A Catholic Monthly Magazine

Introducing Fr Joseph Deihl SM

Photo: Agnes Sasse Heeney Collection

Fr Joseph Roch Deihl was born on 12 July 1895 in Atlanta, Georgia, USA. When his mother died, he lived in an orphanage in Washington, Georgia, where, by chance, he met a Marist priest. Attracted to Marist life and after studies in a minor seminary, Joseph made his profession as a Marist in 1918 and was ordained to the priesthood in 1920. He left almost immediately for the missions. He was the first non-Frenchman appointed to Samoa and the second missionary from the USA to minister in Oceania. [1] For twenty-eight years, he lived in Apia, Samoa. He founded the Catholic Club to bring a greater sense of belonging to the Catholic community and was the Apia Rugby Union president.

Fr Deihl, known as ‘Tili’ [2] in Samoa, played a significant part in Samoa's 'Black Saturday,' when New Zealand policemen shot and killed eleven Samoans in front of the courthouse on Beach Road. The Mau movement -- O le Mau a Samoa -- 'the firm opinion of Samoa' with its slogan, Samoa Mo Samoa -- 'Samoa for Samoans' – sought Samoan independence from New Zealand.

On 29 December 1928, Fr Deihl had followed a parade of about seven hundred members of the Mau movement, led by the Vaimoso band, from the priests' house at Mulivai, in his green Model A Ford. The police opened fire from the upstairs balcony of the police station with Lee Enfield rifles and a machine gun.

Louisa Sasse and her daughter Agnes, seven years of age at the time, saw what happened from the balcony of their family store over the road. Also present were Agnes's cousins, Karen and Christian Hellesoe. Interviewed in 2007 when she was 85, Agnes related how Fr Deihl drove his car into the scene of the shootings:

"He must have squeezed it down an alleyway which ran down the western side of our house. It took him to within a few metres of the police station. We all knew Father Deihl as we attended the Catholic Church. He jumped out and ran towards the police, holding out his arms and yelling at them. Words like, 'Stop it, stop it, they're human beings!' He kept yelling and waving until they stopped. Karen and Christian always
said that he was the man who had stopped the shooting."

Tupua Tamasese Lealofi III, [seated, in white] with Mau leaders in front of Mau office in Vaimoso, 1929

A month later, Fr Deihl wrote to his friend, Bishop William O'Brien, in Chicago:

"I was pretty hot under the collar after that affair in the street when the Samoans were killed, for I rushed out to the village [Vaimoso] to administer to the dying – and the cries of the women and children, the pitiful shrieks, heart rending I should say, with the sight of the wounds from which some were dying and others but promising to hold out a little while, these things must have unnerved me, for when I got back I was so strong in my language that the Bishop had to say, 'Shhh! If anyone hears you talking like that, you'll be sent to jail.'
I told the Bishop [3]flatly that jail or deportation didn't worry me, that I would somehow relish deportation these days." It was indicative of Fr Deihl's modesty that he did not mention to Bishop O'Brien how he had intervened at the police station.

Fr Deihl later wrote of how happy he was in Samoa, remarking that he was "quite prepared to believe that few native races in the world can compare with the Samoan for fineness of physique, cleanliness of habits, and for generosity and hospitality."

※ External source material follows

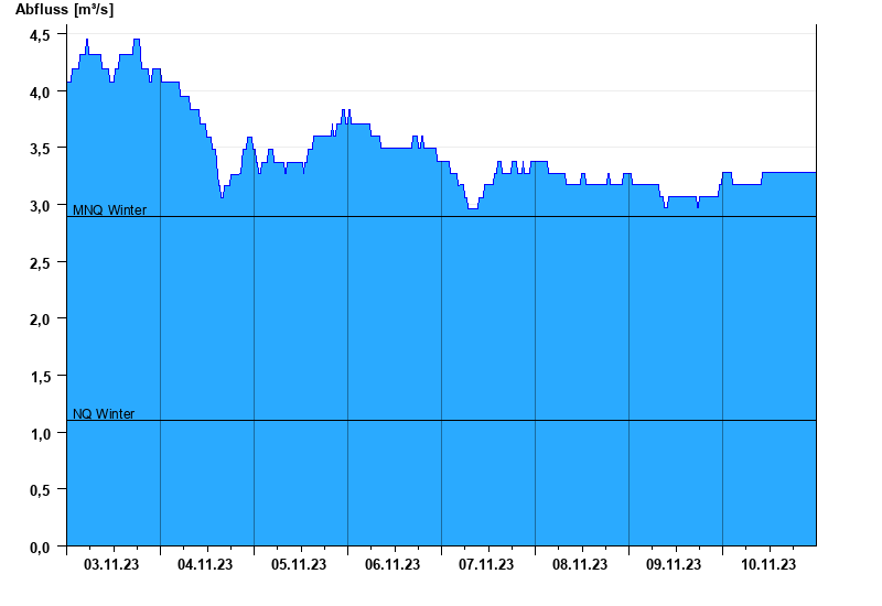 - Mittlerer Niedrigwasserabfluss MNQ 2,89 m³/s

The tomb of Tupua Tamasese Lealofi III. The Samoan inscription reads,
"My blood has been spilt for Samoa. I am proud to give it.
Do not dream of avenging it,
as it was spilt for peace."

Because he was wary of the New Zealand administration, Fr Deihl destroyed most of his private papers before leaving Apia for medical treatment in the USA in 1948. He died there after a few months, aged 53.

There is a tribute to him in the December 1948 Marist Messenger, which reads, in part, "Fr Deihl wielded a facile and brilliant pen and did not spare himself in that apostolate. The 'Messenger' benefitted considerably by his regular contributions, replete with information and aflame with his own vivid personality. He knew what it was to plough a lonely furrow and to keep his hand to the plough when the going was tough and his heart went out especially to those who shared his experience."

There are very few issues of the Marist Messenger from 1933 until 1947 that do not include an article about the Catholic missions in the Pacific written by Fr Joseph Deilh. In 2022, the magazine will carry occasional articles based on his writings.

[1] The first was Fr Ḗlie Bergeron, who arrived in Tonga in 1919.